Positive: the privileged-execution surface (SSH host-key policy and option-injection guard, process-group isolation, stdin detachment, env scrubbing, the talosctl verb allowlist and node-aware T3 gate) is materially hardened with tests; every denial is now audited; the audit log is owner-only and survives a corrupt tail without losing records; untrusted parsing (vectors, manifests, AIDE, telemetry size) is robust; and redaction covers more secret shapes value-completely. The repository is again fully self-contained in code and docs.

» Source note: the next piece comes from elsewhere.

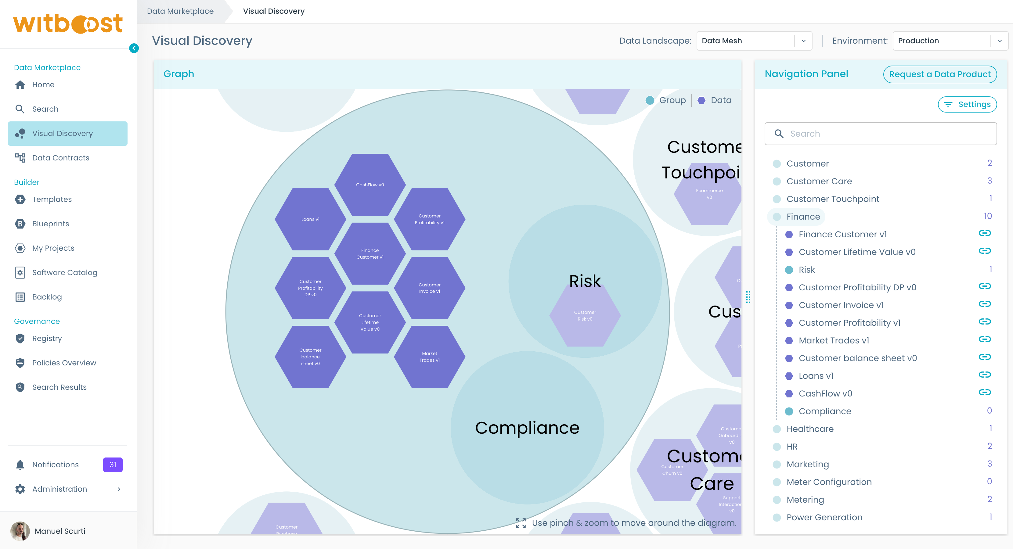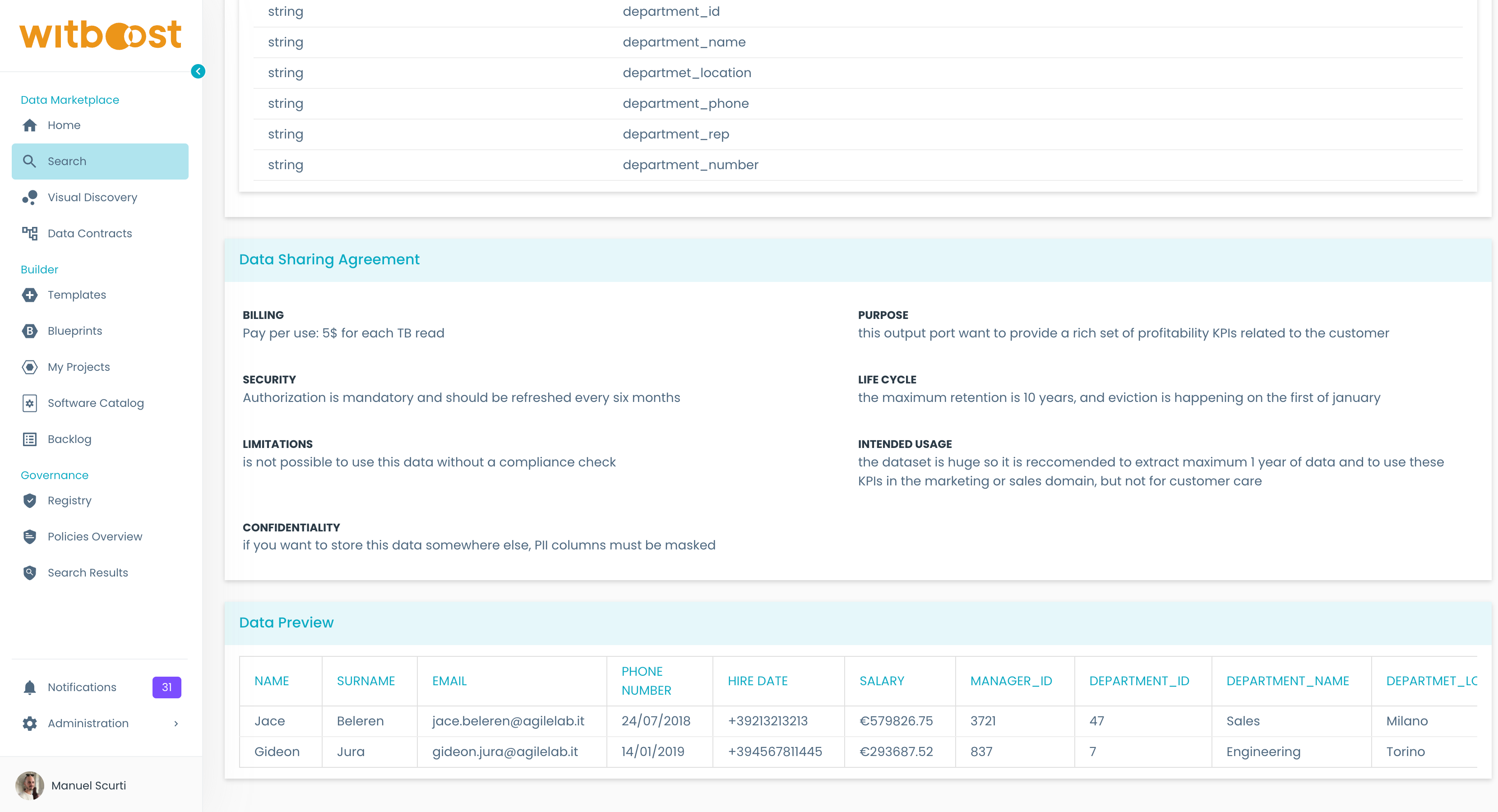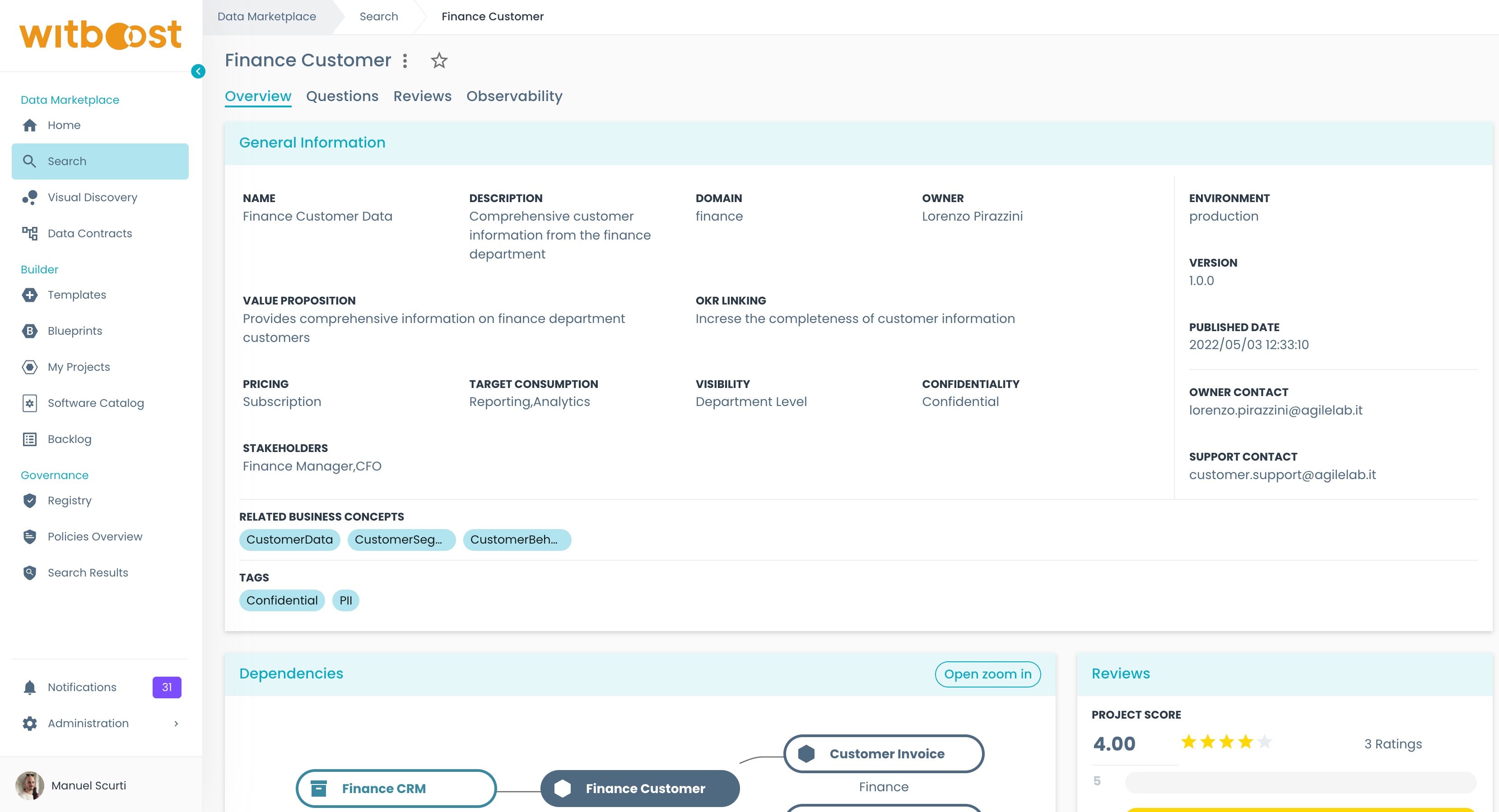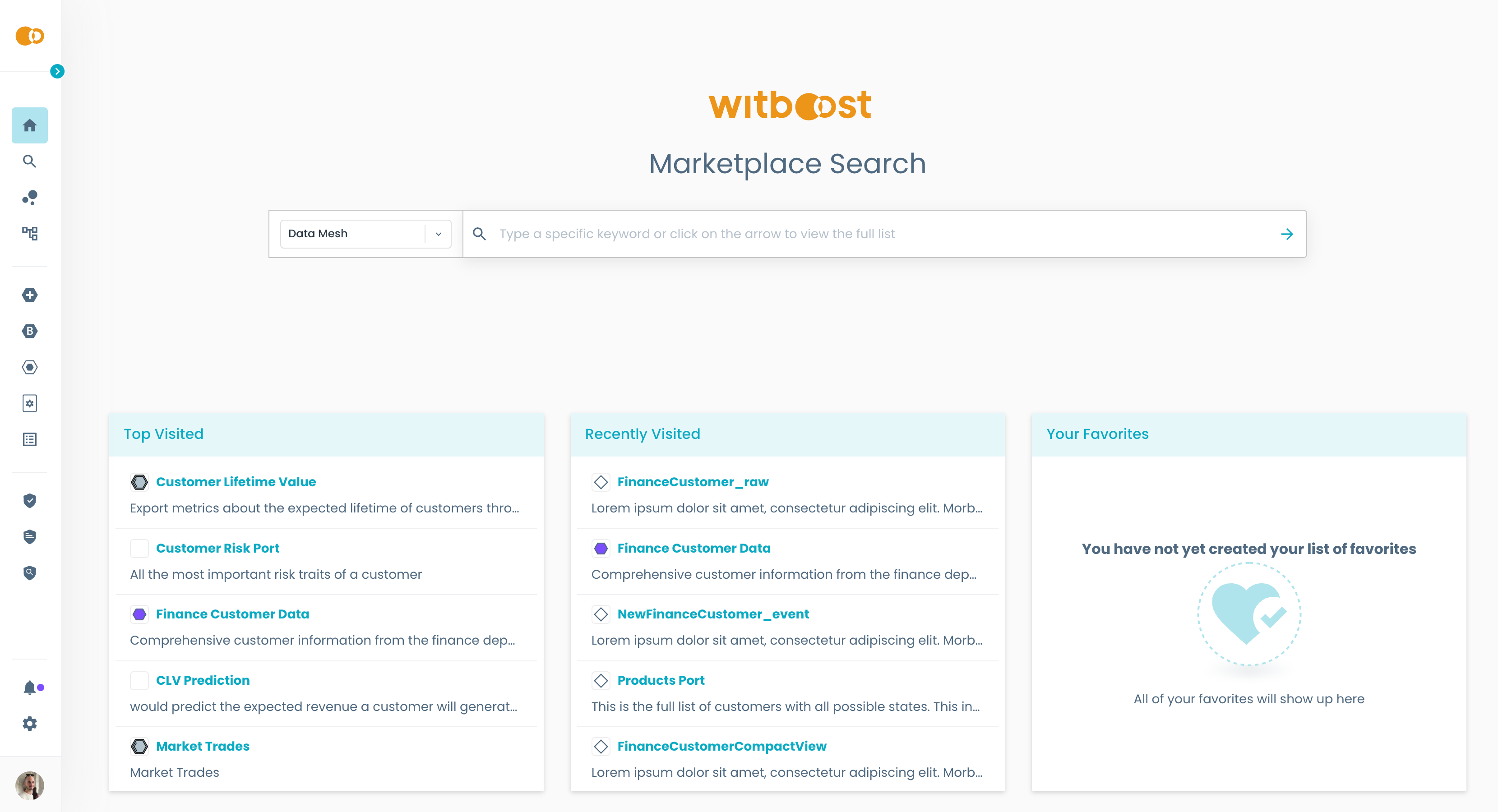 The Witboost Marketplace is a central catalog of published products that you can use to search or discover data assets that fit your business case. What ends up in the marketplace is guaranteed to be compliant to the compliance checks and quality guardrails required by the Governance team at your company.
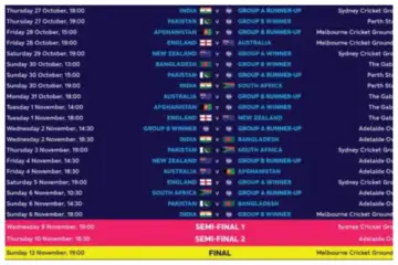ಸೆಮಿಫೈನಲ್ ಪಂದ್ಯಗಳು ಸಿಡ್ನಿ ಕ್ರಿಕೆಟ್ ಗ್ರೌಂಡ್ ಹಾಗೂ ಅಡಿಲೇಡ್ನಲ್ಲಿ ನಡೆಯಲಿದೆ. ನವೆಂಬರ್ 9 ಹಾಗೂ 10ರಂದು ಈ ಪಂದ್ಯಗಳು ನಡೆಯಲಿದೆ. ಫೈನಲ್ ಪಂದ್ಯ ನವೆಂಬರ್ 13ರಂದು ಮೆಲ್ಬರ್ನ್ ಕ್ರಿಕೆಟ್ ಗ್ರೌಂಡ್ನಲ್ಲಿ ನಡೆಯಲಿದೆ.

Negative: the actuation subprocess path moved from subprocess.run to a Popen plus explicit timeout/kill, which is more code on the trust boundary (covered by a new timeout test). The talosctl verb allowlist must be extended deliberately when a new subcommand is needed.

Neutral: this ADR records the wave and its acceptance; enforcement is the code and tests under each item. The architectural open items from ADR-0012 are unchanged.

Alternatives considered and rejected

  • Resolve every open item from ADR-0011/0012 in one change. Rejected: the architectural items (hostname-resolving SSRF, credential wiring, CI/deploy gating) are larger than this surgical security cluster and merit their own reviewable changes, consistent with ADR-0012's staging.
  • Default the SSH host-key policy to StrictHostKeyChecking=yes. Rejected for v0: a fleet with no pre-seeded known_hosts would refuse every first connection; accept-new (Trust-On-First-Use, refusing a changed key) is the secure default and is overridable to yes once known_hosts is seeded.
  • Degrade the audit sink to stderr on a corrupt tail (the prior behaviour). Rejected: losing the audit record is worse than a visible seq-reset seam that the verifier reports; the seam is the security signal.

Revisit triggers

  • The HTTP transport is implemented (raises BL-046 SSRF resolution and the consent registry in urgency).
  • A concurrent or multi-instance store path is implemented (raises BL-068).
  • A later audit contradicts a recorded verdict here (append an audit note, never rewrite a resolved row).